> What is being asked:
Here the job is to repeat the listing exactly, but not the pictures in it.

> Data shown:
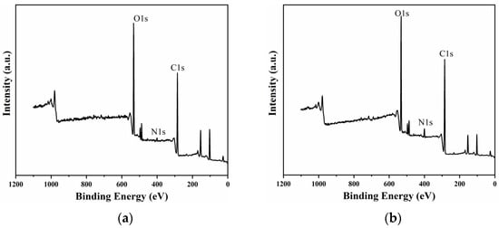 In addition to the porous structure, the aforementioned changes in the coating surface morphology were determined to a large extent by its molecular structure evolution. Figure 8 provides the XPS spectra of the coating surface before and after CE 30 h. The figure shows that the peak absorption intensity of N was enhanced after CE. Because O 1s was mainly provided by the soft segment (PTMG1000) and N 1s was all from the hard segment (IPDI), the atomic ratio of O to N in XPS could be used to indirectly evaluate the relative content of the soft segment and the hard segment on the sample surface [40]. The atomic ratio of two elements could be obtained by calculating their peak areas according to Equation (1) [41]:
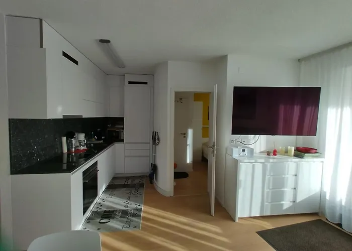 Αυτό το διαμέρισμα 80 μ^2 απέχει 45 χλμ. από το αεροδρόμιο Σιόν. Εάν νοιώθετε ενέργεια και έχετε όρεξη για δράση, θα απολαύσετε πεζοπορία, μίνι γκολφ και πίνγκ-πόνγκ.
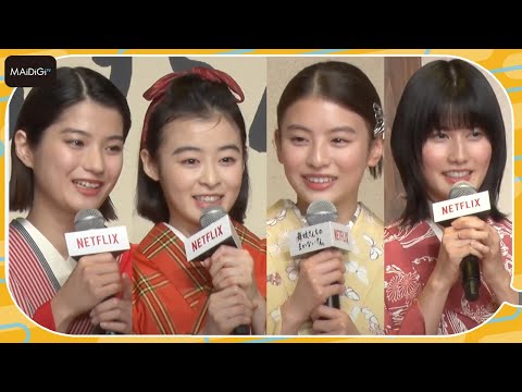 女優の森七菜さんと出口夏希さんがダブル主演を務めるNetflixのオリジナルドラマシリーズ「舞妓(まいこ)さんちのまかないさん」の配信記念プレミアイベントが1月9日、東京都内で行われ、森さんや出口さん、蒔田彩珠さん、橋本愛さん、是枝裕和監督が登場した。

> Task output:
 In addition to the porous structure, the aforementioned changes in the coating surface morphology were determined to a large extent by its molecular structure evolution. Figure 8 provides the XPS spectra of the coating surface before and after CE 30 h. The figure shows that the peak absorption intensity of N was enhanced after CE. Because O 1s was mainly provided by the soft segment (PTMG1000) and N 1s was all from the hard segment (IPDI), the atomic ratio of O to N in XPS could be used to indirectly evaluate the relative content of the soft segment and the hard segment on the sample surface [40]. The atomic ratio of two elements could be obtained by calculating their peak areas according to Equation (1) [41]:
 Αυτό το διαμέρισμα 80 μ^2 απέχει 45 χλμ. από το αεροδρόμιο Σιόν. Εάν νοιώθετε ενέργεια και έχετε όρεξη για δράση, θα απολαύσετε πεζοπορία, μίνι γκολφ και πίνγκ-πόνγκ.
 女優の森七菜さんと出口夏希さんがダブル主演を務めるNetflixのオリジナルドラマシリーズ「舞妓(まいこ)さんちのまかないさん」の配信記念プレミアイベントが1月9日、東京都内で行われ、森さんや出口さん、蒔田彩珠さん、橋本愛さん、是枝裕和監督が登場した。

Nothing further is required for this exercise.